Cedars-Sinai in Los Angeles, one of the most visible U.S. hospitals and research institutions, is adding to its data security strategy through the adoption of Bottomline's Healthcare Privacy and Data Security solution.
The solution aims to keep pace with evolving threats to privacy and to help hospitals maintain compliance with HIPAA and HITECH. It does so by providing a way to monitor and analyze user behavior across multiple systems and applications, the company says, so that malicious or negligent activity can be identified as it occurs. It aims to uncover outsiders posing as internal employees, employee misconduct, or unintentional misuse that could put patient data at risk.
Going live with HealthKit
The announcement comes on the heels of Cedars-Sinai's integration of its Epic electronic health records system with Apple's HealthKit, another notable project that went live this month. Some of the hospital's IT goals involved in using HealthKit have been to free-up developers to work on additional projects such as analytics, and to put patients in control of the data they provide to caregivers in order to improve compliance with federal EHR directives.
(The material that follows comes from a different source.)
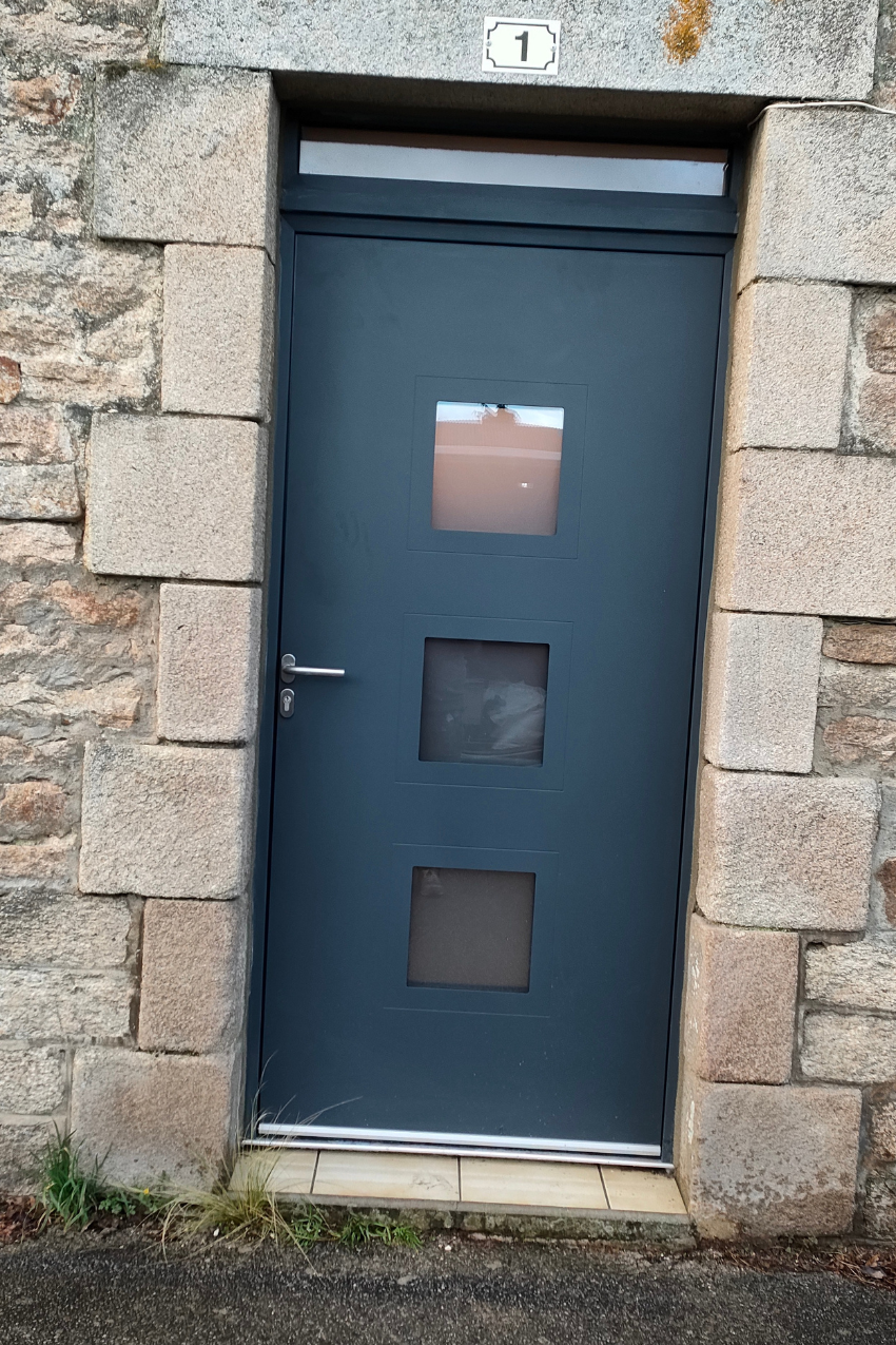 Pour un accueil à la fois esthétique et fonctionnel, il installe des portes d’entrée qui combinent design moderne et qualité artisanale, incluant des modèles avec vitrages élégants.

Following what has been touted as the largest HealthKit integration yet, Cedars-Sinai will have more data than ever to protect, and that is where its new data security solution comes in.
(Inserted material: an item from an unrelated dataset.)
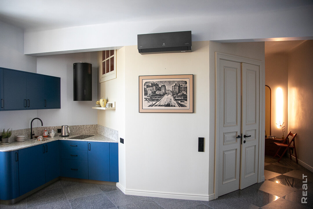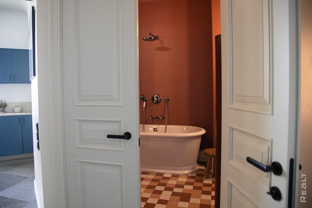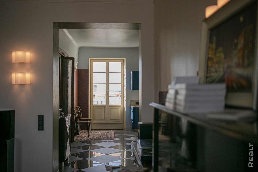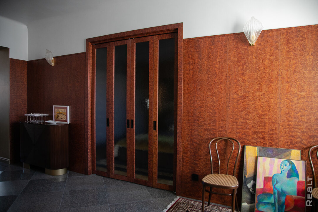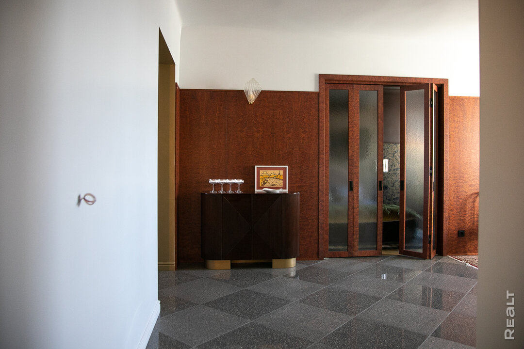 — Цель ремонта — воссоздать обстановку, в которой жила белорусская элита. Двушку пришлось немного переделать в зоне коридора. Он был угловым и длинным. Из-за этого пространству не хватало естественного света. Мы объединили коридор вместе с кухней, и у нас получился просторный холл, который освещается с двух сторон.

The hospital notes that its privacy and compliance experts will now have specific tools and analytics at their disposal through Bottomline, including screen-by-screen replay of users' activity, which could serve as evidence in an investigation.
In addition, the solution serves as a deterrent to malicious activity by acting as a sort of digital surveillance camera.
"After an extensive review, we selected Bottomline's Healthcare Privacy and Data Security solution because it is the only one that non-invasively monitors user behavior across networks and applications in real time, while minimizing the incidence of false positives," Darren Dworkin, Chief Information Officer of Cedars-Sinai, said in a prepared statement.
He notes that log file data only provides a partial picture of user behavior and that it's time-consuming to analyze. "To enhance protection of patient data, healthcare organizations must have the best technology solutions in place to detect and stop suspicious behavior in real time, before an incident occurs," he says. "The Bottomline Healthcare Privacy and Data Security solution offers unique capabilities for a previously unaddressed aspect of patient privacy."
Patient-driven privacy
Dworkin has been noted in the media to take a stance on both security and data sharing in which patients lead the way. When he spoke at last fall's annual Safeguarding Health Information conference in D.C., Dworkin told attendees that patient expectation, rather then healthcare regulations, would drive patient data security and that the issue would become whether "their expectations have been met."
More recently, Dworkin echoed similar sentiments when discussing how Cedars-Sinai plans to use HealthKit. "It will be directed by patient activity," Dworkin told Health Data Management. "If we see lots of patients uploading weight information, we’re going to jump into that and perhaps build some clinical program around it. We're going to follow the patients."